The HKU4 coronavirus is closely related to MERS-CoV, and it can recognize and bind the same receptor, human DPP4 [47]. More importantly, the risk of infecting humans could be sharply increased through the simple induction of two mutants in S protein [48]. However, only sparse information about the HKU4 fusion core is currently available, and no effective fusion inhibitors have been reported. Here, based on the structure of the MERS-CoV 6-HB fusion core, we designed HKU4-HR1P and HKU4-HR2P peptides, which can interact to mimic the formation process of 6-HB by their own HR1 and HR2 regions. Hence, this study contributes to a better understanding about the mechanism of HKU4 infection and provides more information for the development of HKU4 peptide fusion inhibitors in the event that HKU4 crosses the species barrier to infect humans.
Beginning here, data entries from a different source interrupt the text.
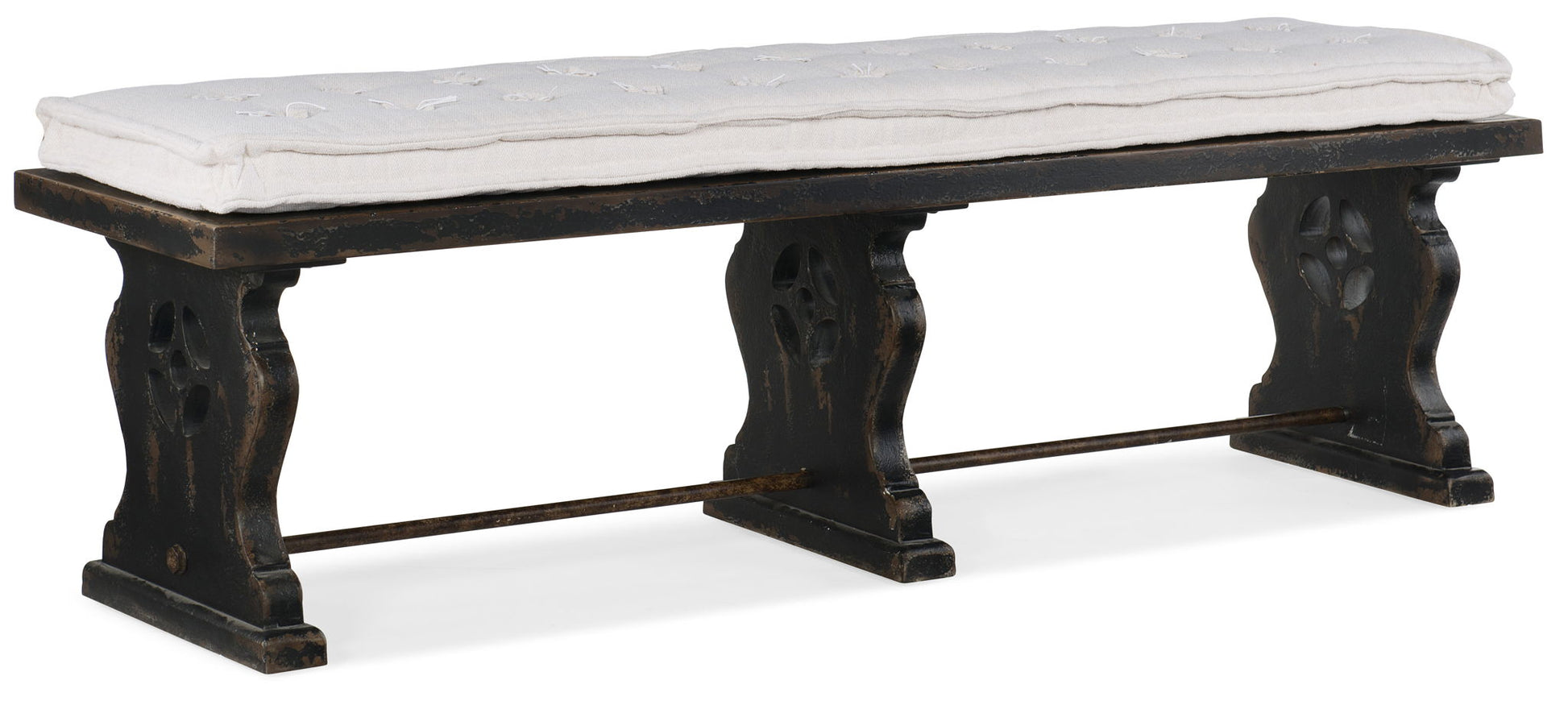 Add vintage elegance and extra seating to your dining table, the foot of your bed, your hallway or family room with this versatile Ciao Bella Bench. The unique harp-shaped legs form a beautiful base, along with a burnished brass stretcher. The exquisite black finish has multi-layered rub-through, giving the appearance it is aged gracefully through the decades. The lay-on cushion in Tuscan White is button tufted on one side with French Primitive tufting on the other side for comfort.
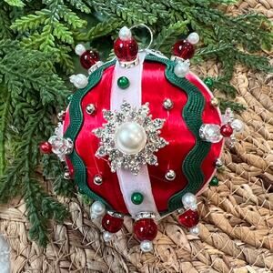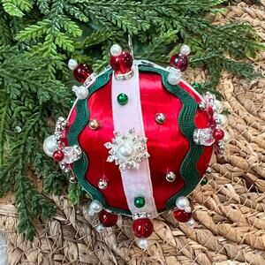 Ornament may be a mix of modern and vintage supplies- this includes the ribbon and trim, brooches, buttons or other focal pieces, beads as well as the satin string balls. I do not know the age or story of everything used. Beads may be resin, plastic, glass, etc. Some pieces may be all modern and some a mix. Some of the vintage string balls may have loose threads. You may see exposed glue or even the white foam in a few spots. They do have a traditional ornament top. You will need to add a hanger or string of your choice for hanging. These are all one of a kind. They are handmade and may have imperfections as a result. Some may not be perfectly symmetrical but they are perfectly kitschy. They are sold as is. Each ornament is listed individually and will ship in a simple kraft box inside a larger mailingbox. Hopefully this will protect any beads and pins from coming loose. If so any dab of craft or hot glue works.
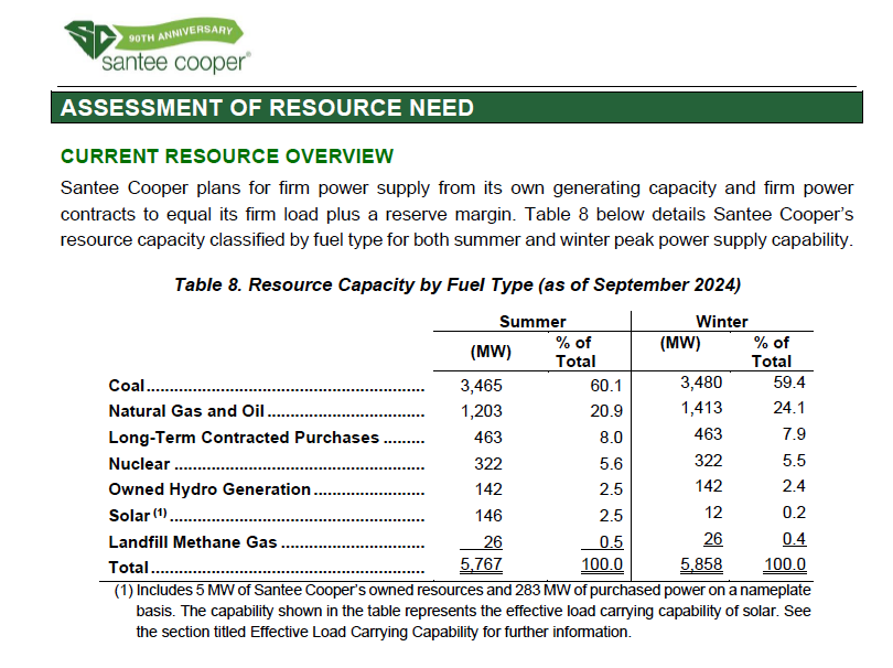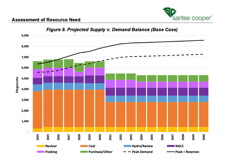 The Supply/Demand Chart of Santee-Cooper is shown below. Note the plan to reduce coal power generation and replace it with gas, purchased power and variable renewables.
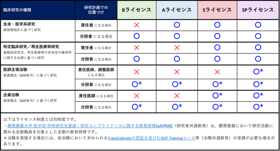 *研究倫理・コンプライアンス教育(eAPRIN)は慶應臨床研究ライセンス制度とは別制度となります(FAQ.7参照)。
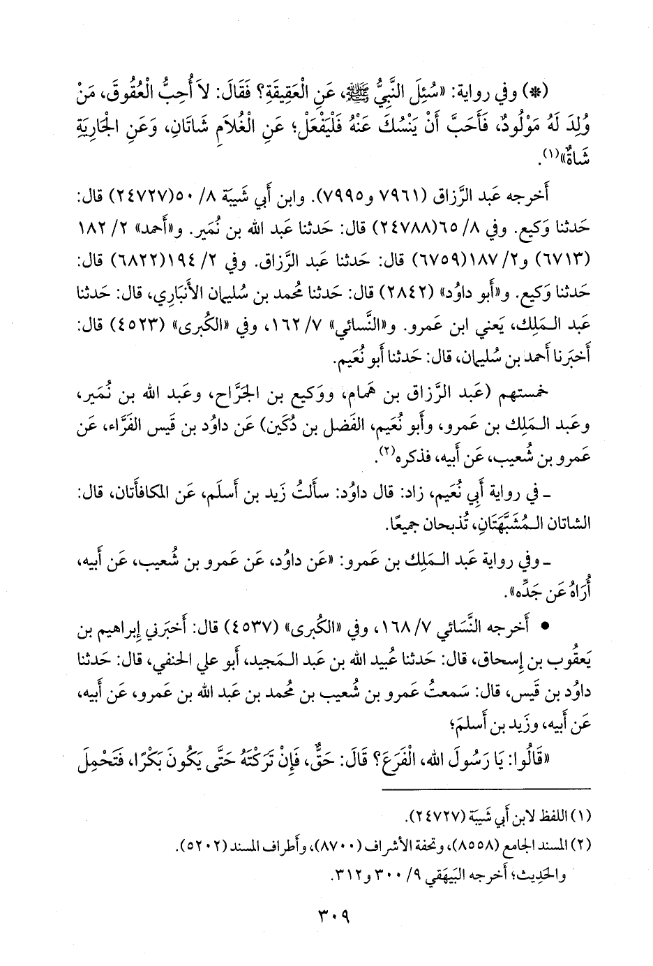خمستهم (عبد الرزاق بن همام، ووكيع بن الجراح، وعبد الله بن نُمير، وعبد الملك بن عَمرو، وأَبو نُعيم الفضل بن دُكَين) عن داود بن قيس الفراء، عن عَمرو بن شعيب، عن أبيه، فذكره (¬٢).
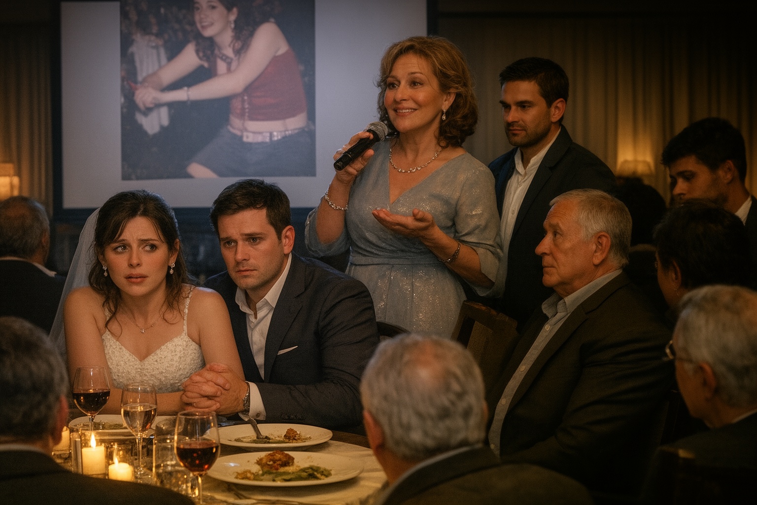 Hajnalka, az anyósom, magához ragadta a mikrofont, hogy koccintáshoz mondjon pár szót. Az arca úgy ragyogott, mintha frissen suvickolták volna fényesre, és az étterem zsúfolásig telt terme egyetlen feszült várakozássá dermedt.
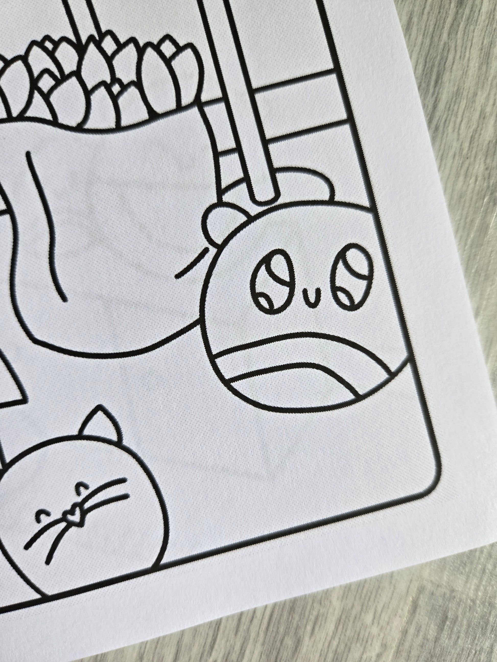 - Enkeltsidet illustrationer for at undgå bleed. Tip: læg et stykke papir, plastiklomme eller pap bag den side du farvelægger, hvis du farver med tus.
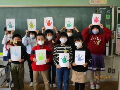 今、押した手形と4年生を終える時の自分の手の大きさがどのくらい違うのか楽しみです。
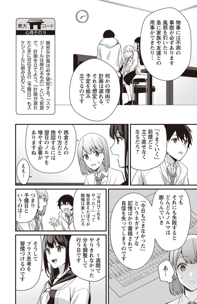 ちなみに東大生は、この「余裕を持って行動しつつも、ギリギリの計画を立てる」というのが非常にうまい人たちです。大学の学内テストの点数も、余裕を持ちながらも単位が取れるギリギリの点数を狙い、そして最小限の努力量で単位を獲得する人が多いです。多少何かあっても大丈夫なように準備しながらも、過度な準備はしないで器用に計画を達成していく……そういう器用さがあるから、多くの科目の勉強をこなし、偏差値が一番高い大学に合格できたというわけです。

In summary, we have developed a series of bat-CoV-derived peptide fusion inhibitors, including HKU4-HR2P1, HKU4-HR2P2 and HKU4-HR2P3, which can interact with MERS- HR1P to form highly stable 6-HB, mimicking the formation of MERS-CoV 6-HB structure. Additionally, these peptides, especially HKU4-HR2P2 and HKU4-HR2P3, exhibited potent inhibitory activity against MERS-CoV infection, indicating that these bat-CoV peptides are promising as candidates for development as clinical agents against MERS-CoV infection.